Peu après, Le Monde souligne néanmoins que la plupart des Britanniques sont favorables au retour des marbres et annonce sur une manchette prometteuse : « Un accord historique est en cours ». De son côté, le Daily Telegraph estime que la controverse demeure pleine et entière, la Grèce demeurant campée sur la restitution complète du décor sculpté et les Anglais ne pouvant « officiellement » restituer…

Bref, la querelle de la restitution des marbres Elgin ressemble au long échange interminable d’une fin de match de tennis enragée, les adversaires se relançant inlassablement arguments et réfutations. En ce sens, elle réactualise ad nauseam le conflit patrimonial qui renaît de ses cendres à chaque butin historique revendiqué… et s’inscrit dans la tradition d’appropriation des œuvres du patrimoine mondial par la dépossession du vaincu, le vainqueur invoquant alors une « universalité du patrimoine » qui justifie toutes les trans-localisations et les confiscations abusives. 

Le droit international, la Convention de La Haye en 1954 ; en 1970, celle de l’Unesco interdisant le trafic illicite des œuvres d’art ; l’injonction à la restitution à laquelle ont adhéré les pays signataires des Accords de Washington en 1998 ; rien n’a empêché ni le pillage du musée du Koweït en 1990 par les troupes irakiennes, ni celui du musée de Bagdad en 2003, ni les ravages commis par l’État islamique, les pilonnages des Bouddhas de Bâmiyân en 2001. 

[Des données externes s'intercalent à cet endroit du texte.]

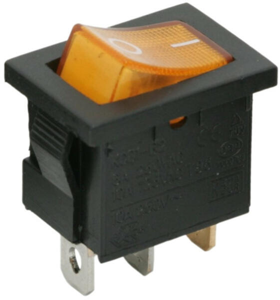 Billenő kapcsoló 1 áramkör 6A-250V OFF-ON sárga világítással Beépíthető billenőkapcsoló sárga színben, mely kiválóan használható gépekben, elektromos berenedezésekben. Felkapcsolt állapotban sárga világítással rendelkezik, így távolról is ellenőrizhető a bekapcsolt állapot. Műanyag házzal és 3 db 4,8 mm-es csatlakozólábbal rendelkezik. 1 áramkör 6 A - 250 V O
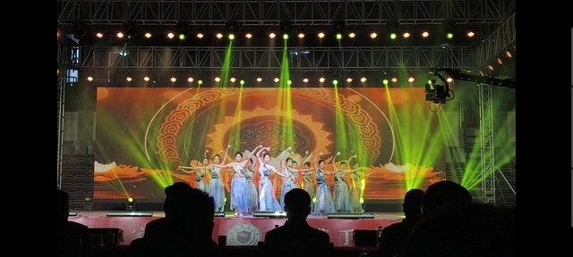 舞蹈特色鲜明,其动作柔美舒展,大量运用了“三道弯”体态和轻盈的旋转,模仿敦煌壁画中飞天的飘逸姿态。舞者手中执莲花灯等道具,再现了壁画经典的造型。该舞蹈深刻体现了多元融合的敦煌文化,动作语言汇融合了西域乐舞的灵动与中原舞蹈的韵律;音乐融合了梵呗、中原丝竹与西域胡乐的元素。整体上,节目生动展现了古代丝绸之路沿线各民族艺术交流互鉴的历史盛景,是敦煌文化包容性与创造力的舞台呈现。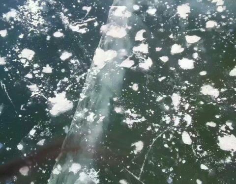 早上有很多人在玩溜冰刀,阳光折射在冰面上很好看,那边还有一个冰房子,地有点滑,从中间走来走起感觉不错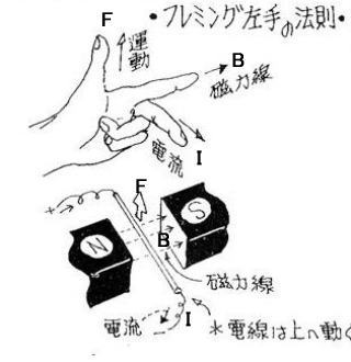 フレミングの左手の法則 「F B I だ 手を上げろ!」 と覚えましょう。 親指が F 電磁力の記号 [ F ] 人差し指が B 磁束密度の記号 [ B ] 中指が I 電流の記号 [ I ] 左図は、誠文堂新光社 絵で見るエレクトロニクスのABC 泉弘志 より引用 記号を付け加えました。 |

À chaque fois, le butin est envoyé dans un musée à la gloire du conquérant, où Philippe Dagen voit l’écho du Führermuseum de Linz (Le Monde, 2017), une autre partie finissant chez les caciques du parti, descendants émérites de Goering selon la même source ; cependant qu’un reste innombrable et plus diffus est dispersé dans les circuits du marché de l’art selon un temps long. C’est ainsi que tant d’objets archéologiques du Moyen-Orient sont – aujourd’hui encore – vendus de façon plus ou moins clandestine en Europe et au Moyen-Orient. 

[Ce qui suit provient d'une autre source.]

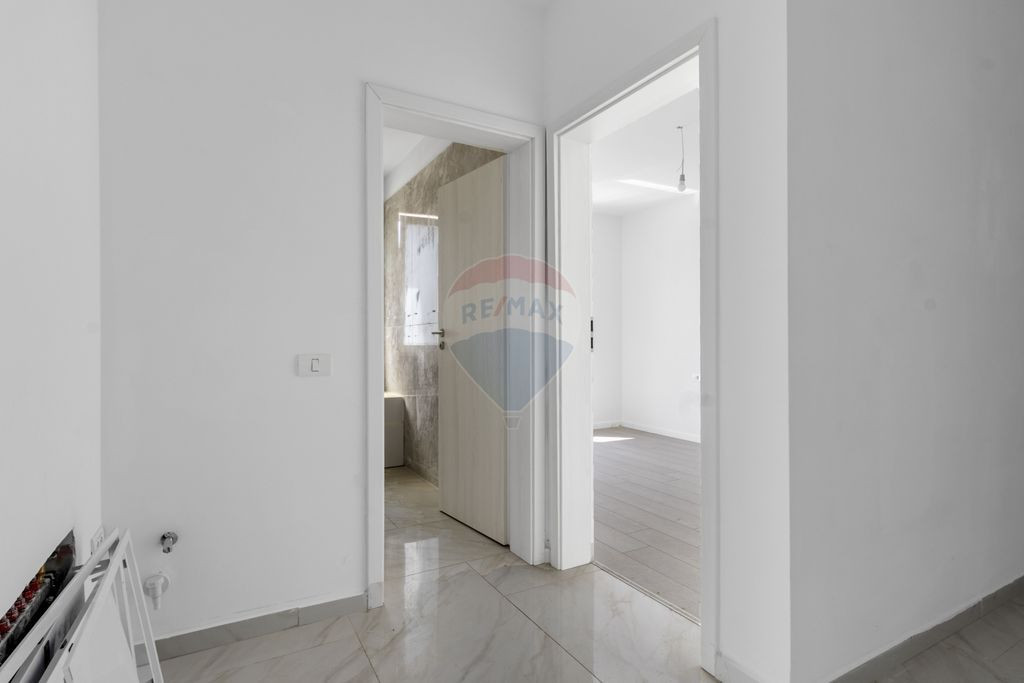 RE/MAX Dynamic vă propune spre vânzare un apartament cu 2 camere, decomandat, în bloc nou, zona Giroc. Apartamentul este situat la etajul 1, fiind compus din: hol, cameră de zi cu bucatarie deschisă, dormitor, baie, în suprafață totală utilă de 46.2 mp și terasă de 7.5 mp. Dotările apartamentului sunt: * centrală termică; * încălzire în pardoseală; * gresie, faianță; * tâmplărie PVC; * baie utilată. Proprietatea este poziționată într-o zonă de locuințe noi, la 10-13 minute de Spitalul Clinic Județean de Urgență "Pius Brînzeu" Timișoara, Sala Olimpia, Complexul Studențesc. Prețul de vănzare include TVA de 21% și un loc de parcare. Contactați-mă cu încredere pentru informații adiționale.

Et, chaque fois – la guerre finie et le pilleur vaincu – réclamations et dissimulations, arguments et arguties prolifèrent, avec pour conséquence de retarder longuement, si longuement, toute restitution…

En 2015, le musée Picasso a accueilli le Projet Picasso, du Français Raphaël Denis : au pied du Portrait de Madame Paul Rosenberg et sa fille par Pablo Picasso – propriété du marchand Paul Rosenberg avant qu’il ne fût spolié en 1940 par l’occupant nazi – un amas de toiles noires et l’inscription vernichtet (« détruit »). Raphaël Denis est coutumier de ces interpellations. La documenta de Cassel les cultive : en 2017, l’artiste allemande Maria Eichhorn y expose Rose Valland Institute : plusieurs salles sont occupées par des bibliothèques, des documents agrandis aux dimensions des murs, des vitrines saturées de courriers officiels et de photographies. À quelques pas de là, l’installation de l’artiste congolais Sammy Baloji rassemble des tissages luxueux pris en Angola et au Congo par conquérants et colons, de force ou par des échanges inégaux. Ils appartiennent aujourd’hui à des musées européens, Copenhague ou Bruxelles ; ainsi le rappellent trois bronzes du Bénin symboliquement exposés à leurs côtés. 

Quand ne demeure alors pour toute arme que la provocation…

Le gâteau des rois, Congrès de Vienne - Marbres Elgin
Le Gâteau des Rois tiré au Congrès de Vienne (caricature datée de 1815, estampe, eau-forte, hauteur : 30,9 cm, largeur : 45,5 cm, Musée Carnavalet, G.27511, gallica).